What to make of these modest improvements? I asked Fred for his opinion. Many railroad observers are skeptical of present eﬀorts, thinking Buﬀalo will be back first. Fred, a railroad buﬀ but a gruﬀ realist, said he sided with the show-me group but lives on hope that better service including better food can produce a revival. A look at the past provides perspective.
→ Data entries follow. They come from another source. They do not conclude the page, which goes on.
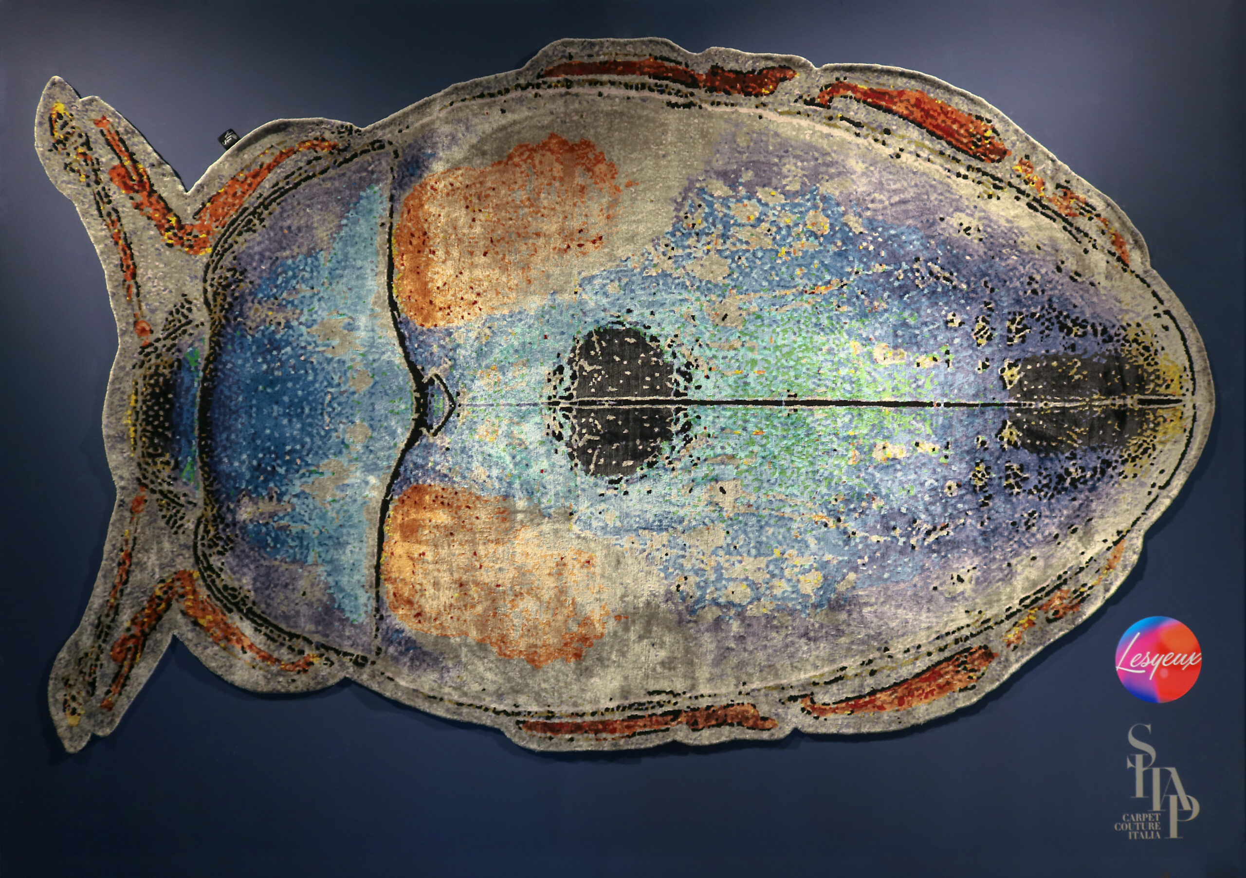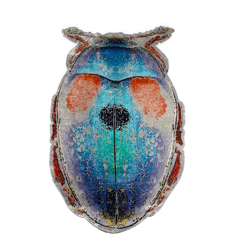 L’eternità del ciclo vitale di cambiamento e rinascita, questo era per gli antichi egizi lo scarabeo, simbolo che ha attraversato decine di civiltà arricchendo di volta in volta il suo significato fino alla resurrezione cristiana. Ma nell’epoca moderna l’insetto gigante è anche simbolo colto del disagio esistenziale e icona pop dei mali del tempo, a partire da quelli ambientali. Fondendo un’idea antica in una forma modernissima, il tappeto SCARABEO riproduce in dimensione amplificata ma con meticolosa precisione una fotografia ad alta definizione dell’insetto, resa in tessuto annodato a mano, con seta e lana di 75 colori naturali diversi, che cambiano ogni tre o quattro punti, per un effetto a pixel e multicolor. Un pezzo straordinario per ideazione e per fattura, rigorosamente manuale da parte di maestri tessitori, un richiamo alla natura nella sua complessa essenza che impreziosisce l’arredamento con un oggetto senza tempo.
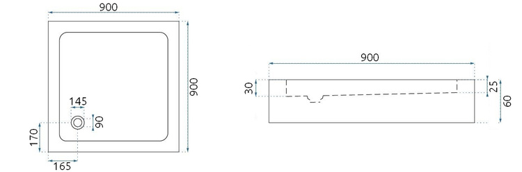 • BRODZIK SAVOY BLACK 90*90*6cm + SYFON
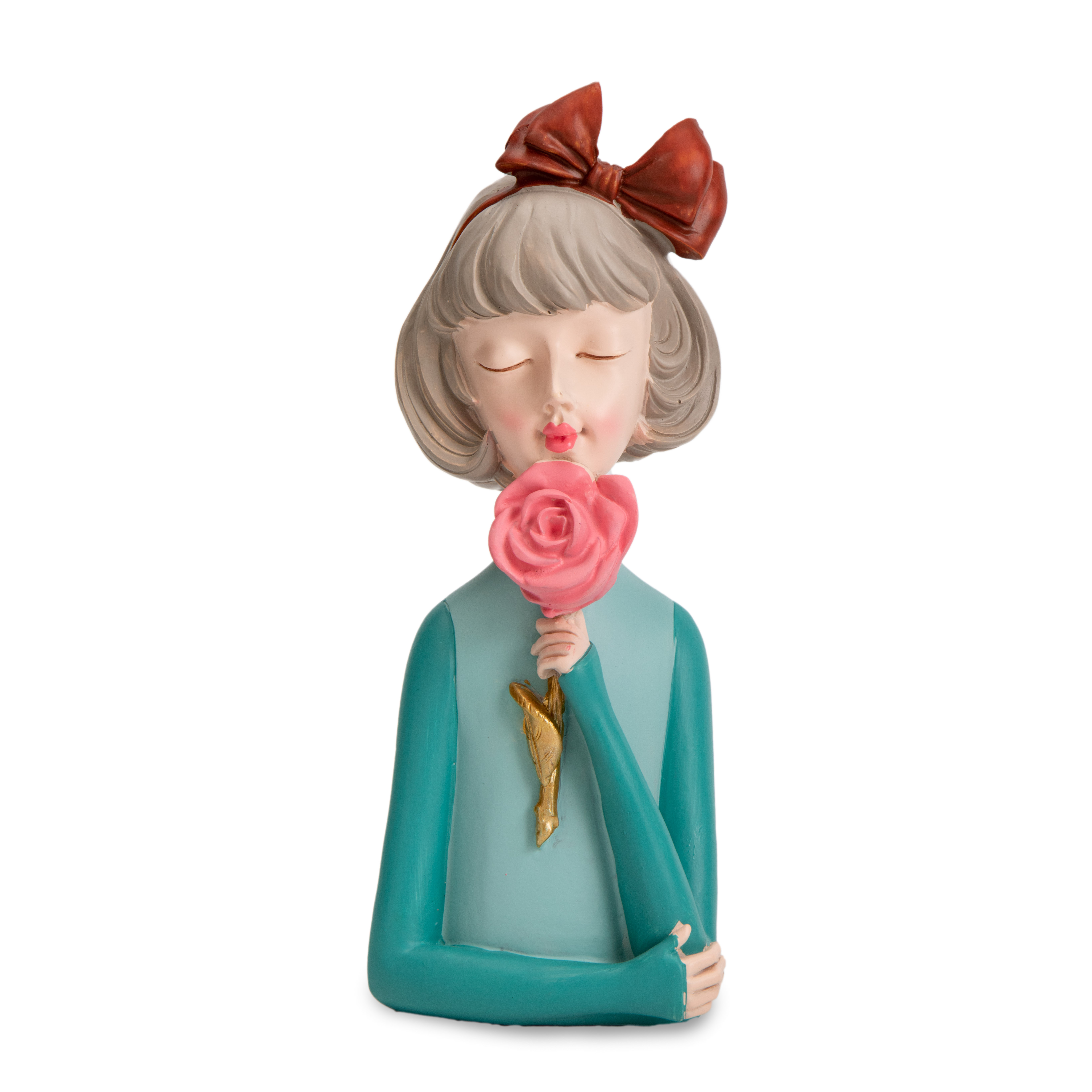 Фигура декоративная 19см Девушка с цветком
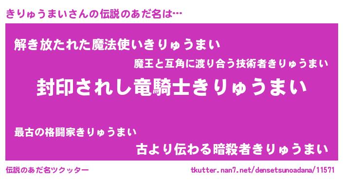 | ヒーロー風カッコイイあだ名 | 『スーパーキリュウマイ』『幻影騎士キリ』 |
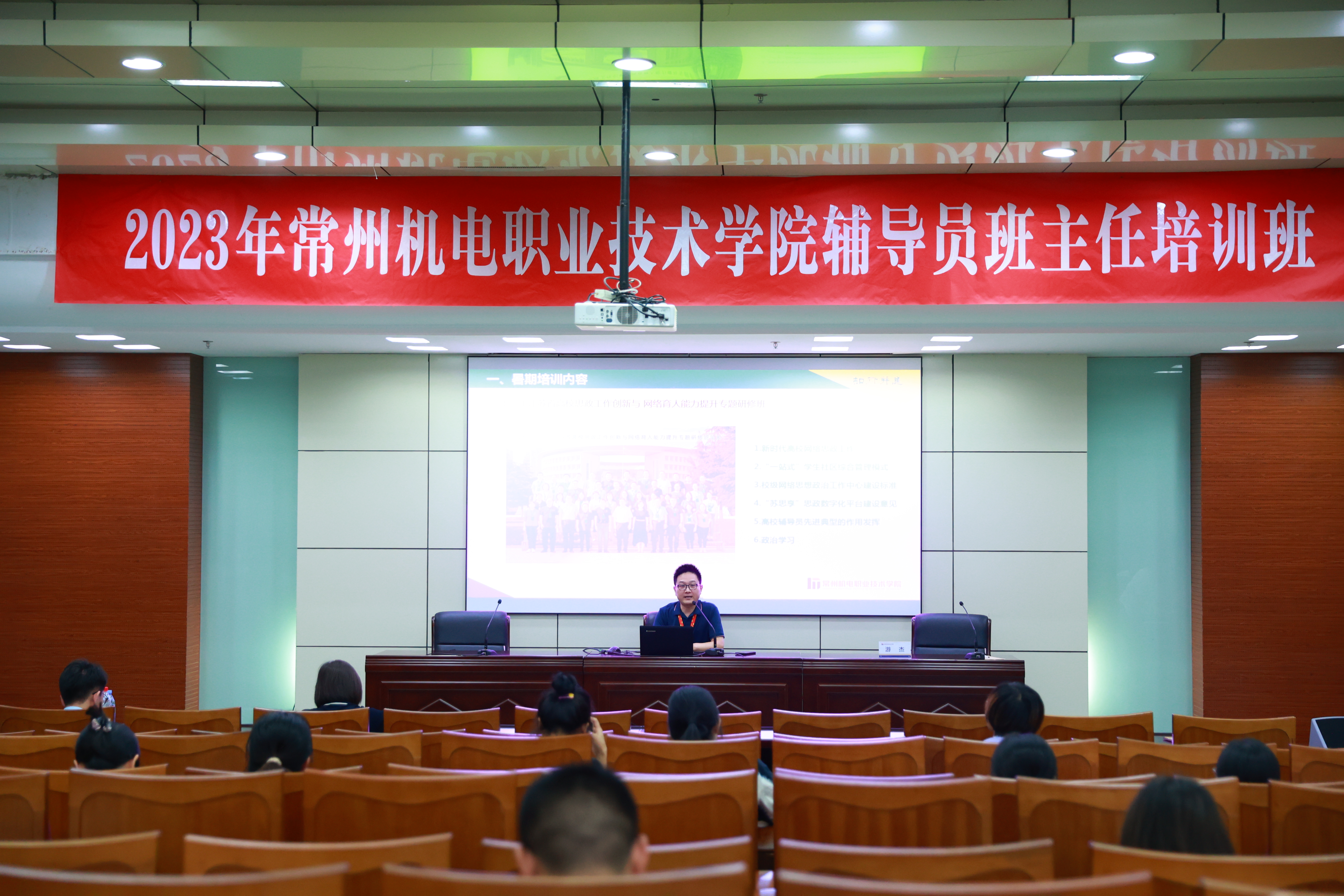 本次培训以辅导员班主任综合能力提升为主线,坚持“搭建平台,学思结合,突出实效”,邀请了2023年江苏省最美辅导员——扬州大学的左红梅老师、江苏省心理名师工作室负责人——南京师范大学的曹加平教授、全国辅导员年度人物(提名)——我校在学生工作取得卓越成绩的王奇老师,围绕新时代思政教育工作者能力培养、家校沟通、学生工作中的情感教育等专题进行了培训。学生工作处曾李红、李玲玲、贾明阳分别就资助、心理、公寓进行了业务雷点分析,培训紧扣实际,内容丰富。
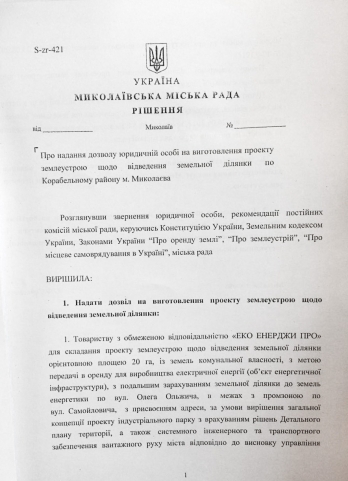 «Оппоблок» протянул на сессию выделение 20 гектаров под солнечную электростанцию недавно созданной фирме в Николаеве
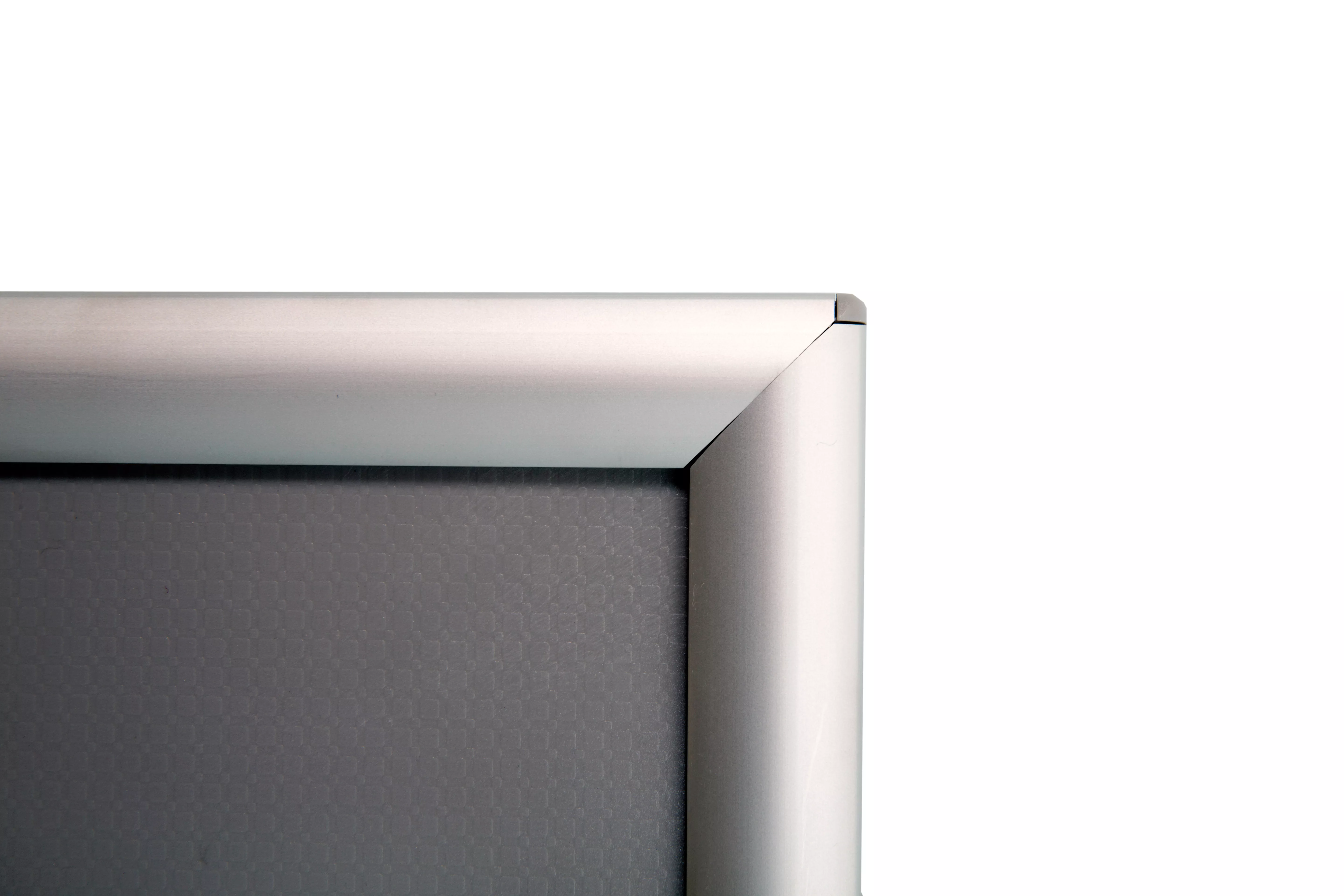 Der multifunktionale Klapprahmen Opti Frame bietet verschiedenste Einsatzmöglichkeiten und kann u.a. auch als Fotorahmen verwendet werden. Bestellbar mit Rondo-Ecken oder Ecken auf Gehrung machen ihn vielseitig einsetzbar. Erhältlich ist der Klapprahmen in Silber.
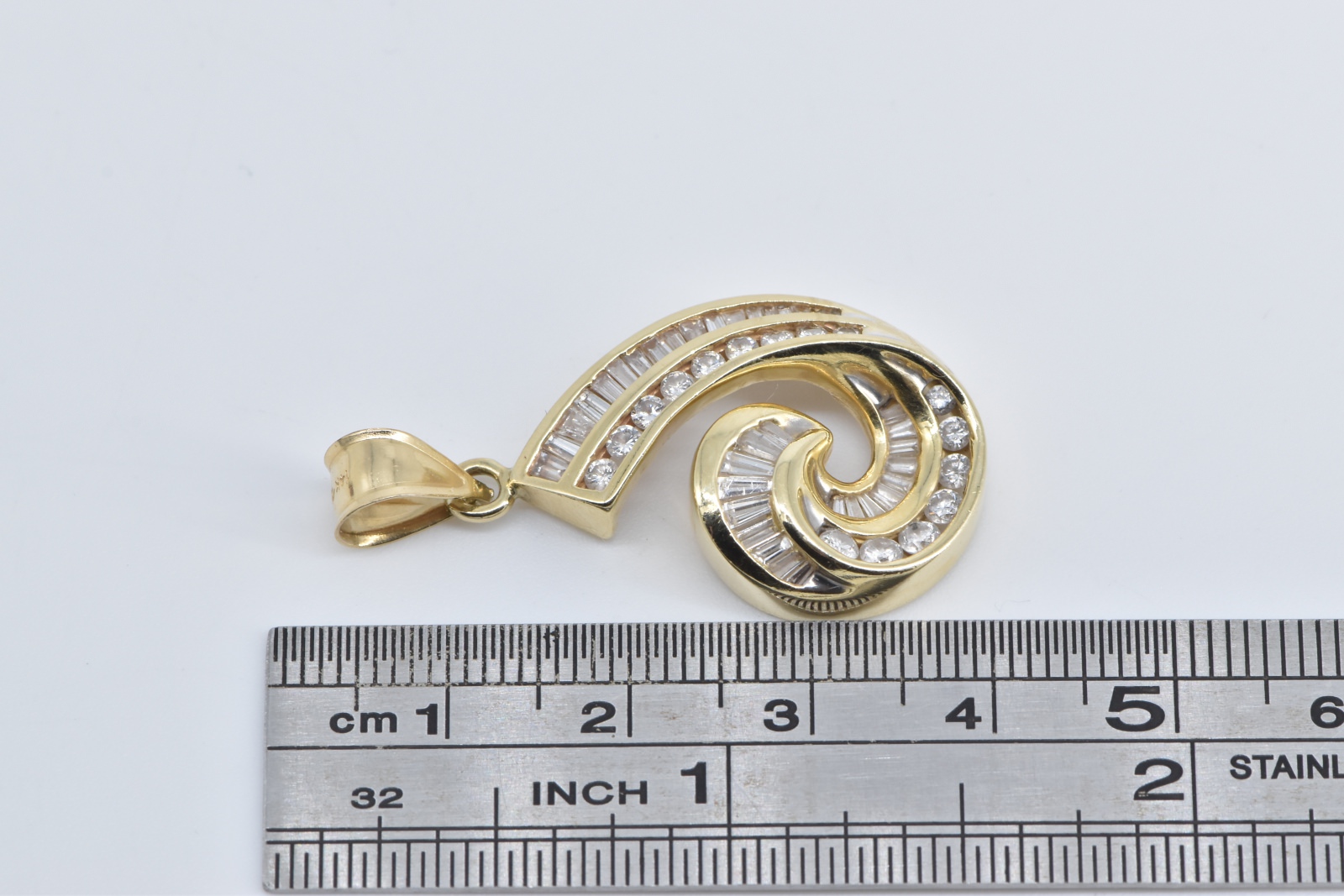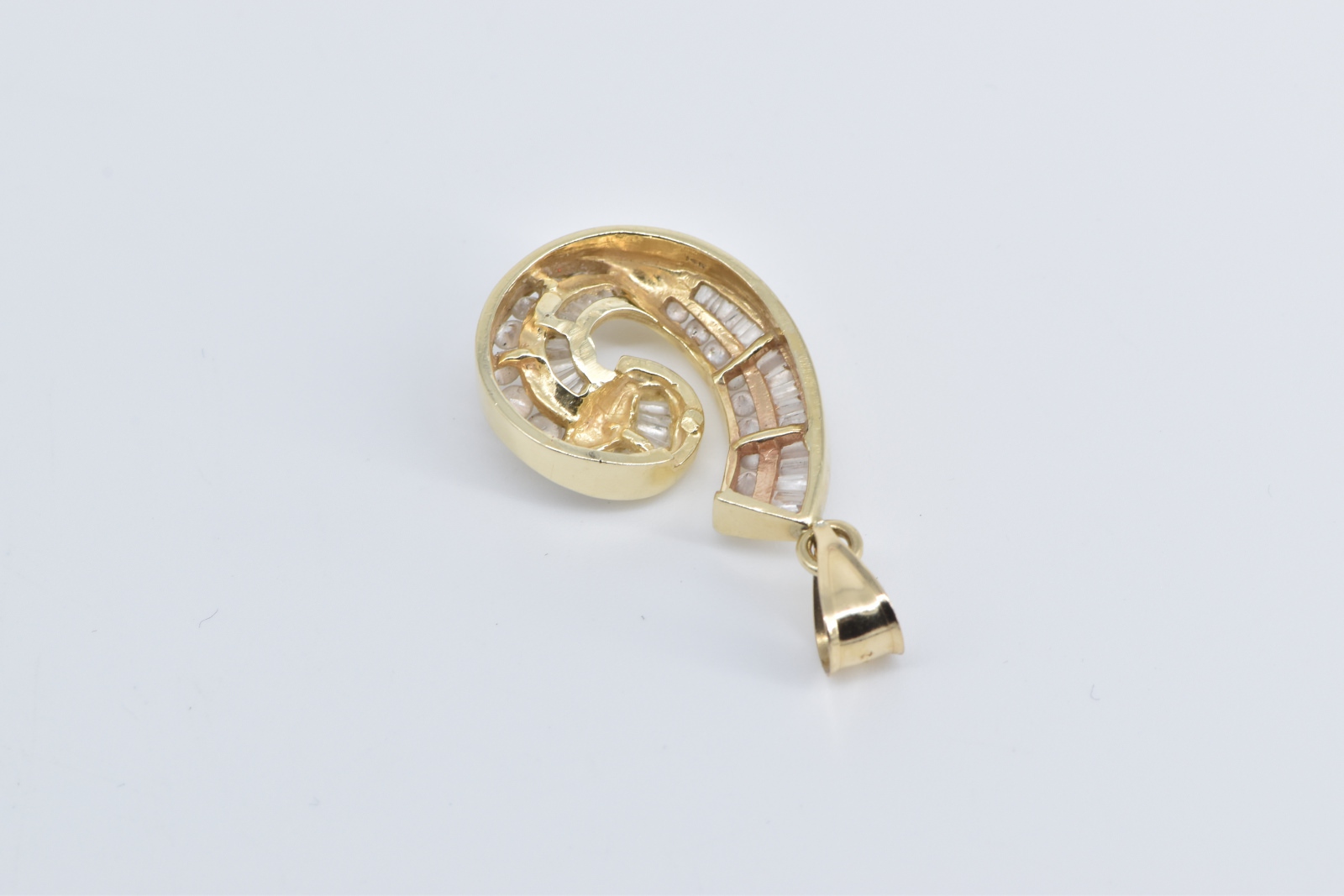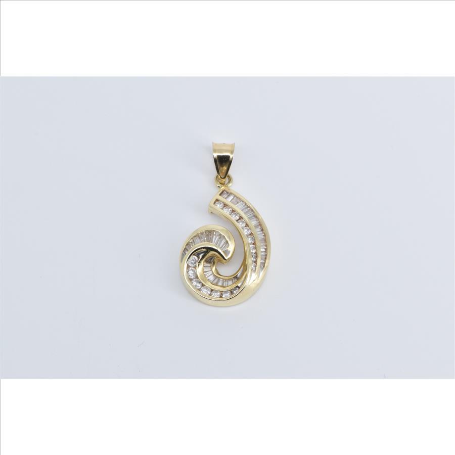 Item:  14K 1.90 Ctw Baguette Natural Diamond Curved Yellow Gold Pendant
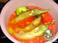 Нарезать помидоры + 1 стакан воды + растительное масло + баклажаны. Я еще добавила один маленький острый перчик. Поставить на огонь и варить до готовности. |
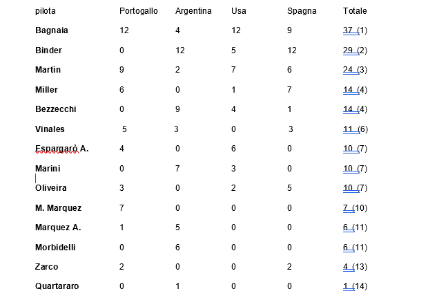 Nella Sprint serve partire forte e dare tutto fin dalle prime curve. Bagnaia in qualche caso ha gestito, ma sempre con il podio nel mirino. Altrettanto convincente il sudafricano della Ktm con due vittorie e uno solo zero a consuntivo. Binder insegue Bagnaia nel “mundialito” del sabato staccato di 8 lunghezze. Alle sue spalle lo spagnolo della Pramac Ducati, Martin, che ha messo a frutto la sua velocità soprattutto nelle gare veloci che gli hanno garantito gli unici due podi conquistati nei quattro week end di gara, ed è anche il più costante con Bagnaia, sempre a punti in tutte le occasioni. Col quarto posto (un podio in Spagna) Jack Miller, ha rafforzato la stessa posizione nella graduatoria iridata, subito dietro il compagno di squadra Binder. Un podio a testa anche per i due piloti della VR46, Bezzecchi e Marini, nella medesima corsa, a Termas de Rio Hondo.
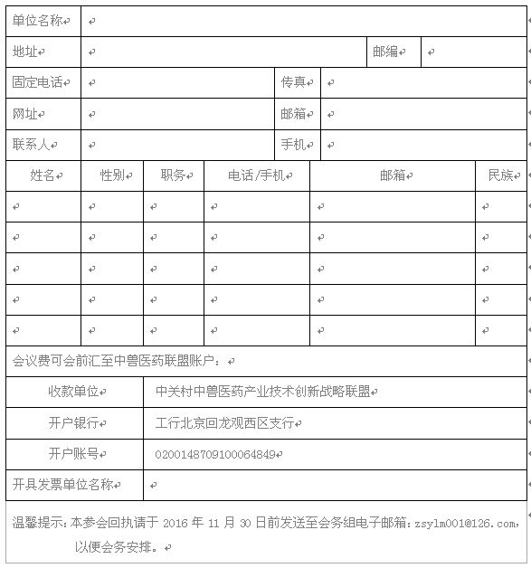3.盟員單位參會人員至少1人必須是企業(yè)負(fù)責(zé)人。參會回執(zhí)請于2016年11月30日前發(fā)送至?xí)?wù)組郵箱:zsylm001@126.com

Twilight first. It is an in-depth look at the passenger train industry on the cusp of its great collapse in the Fifties and Sixties as the interstate highway and the airplane teamed up to take its markets. It was finished oﬀ when the Post Oﬃce discontinued the mail cars. Diﬀerent companies took various approaches, but ended up in the same place, and bailed out when the government agreed to take over the business in exchange for continued access for some trains. Born in a forced march of retreat, Amtrak has suﬀered ever since, both in terms of service and also as a necessity in public minds. It also loses money. Some of you probably rode a train when you were growing up, but not since. Newer generations, not at all. A fundamental flaw is that Amtrak uses the same tracks as the freight operators, and its claims on operating space collide with the plans of the freight owners. This flaw is addressed in the new legislation but is far from resolved.
This book will provide you with details of individual trains, viewing them as living personalities beyond their physical assets. It can stir your memories. The stories of how individual owners coped with retreat as the colors were struck is part of lore. Close your eyes, ride a train, sip some wine, and peep over your dining car menu for a sighting of Cary Grant.
After that taste of the past, Dear Reader, try a more modern work from the same author. That would be Last Train to Texas, a collection of columns and blogs that appeared in Trains over the last two decades. The short vignettes are easy to read, and cover the railroad waterfront. During his time at Trains, he was a man on wheels, fully engaged riding trains across and up and down the continent, satisfying his infinite curiosity and sense of adventure.
There’s a Chaucerian flavor to Fred’s writing, underlying a notion that each and every place has a story to tell. His job is to find it. The Nun’s Priest Tale would fit nicely as a chapter in his book, right after The Saga of P*sser Bill, about the foul-mouthed, whiskey-belching tyrant who was vice president of operations at the Burlington Northern and was featured in an ode penned by a dispatcher in Montana. I dare you to read it and not chuckle.
The book is a short history of US. railroading in the last 40 years, covering events like the meltdown of the Union Pacific, which shut down a key rail yard in a fit of hubris after a merger, and brought a mighty network to a halt. The Mother of All Traﬃc Jams.
He can add a feel to the mundane and does in Night Train to Nowhere. “Midnight in Staunton, Virginia, on a summer week night so quiet you can almost hear your pores sweat in the humidity…tonight’s He can add a feel to the mundane, train Z631 will operate over what had once been the original Chesapeake & Ohio main line but is now the Richmond & Allegheny Division of the Buckingham Branch Railroad.”
And there is the iconic Last Train to Texas about a part of south Texas where nobody ever goes. “At the time, someone said it would be a cold day in hell when Texas-Pacifico (TP) made money with this pathetic loser. Actually, I think the someone was me. The track was impassable, very few customers remain, and all were near San Angelo in the north end….It is today a cold day in hell. Hydraulic fracturing started south of San Angelo, in precisely the locale of the oil boom of the 1920’s, and it is happy days all over again.”
Before I hang up, I ask Fred what train he would recommend that a Sunnysider ride. Fred has good words for the Florida-bound Silver Meteor, the Washington-Chicago Capital Limited and even the Cardinal, which passes close by through the New River Gorge. That’s in the East. Come on Fred. Oh, hands down, his favorite is the Auto Train, from Lorton, Virginia to Sanford, Florida. His take: great service, excellent food, pretty good scenery in light, but pay up and get the big compartment. It’s worth every penny.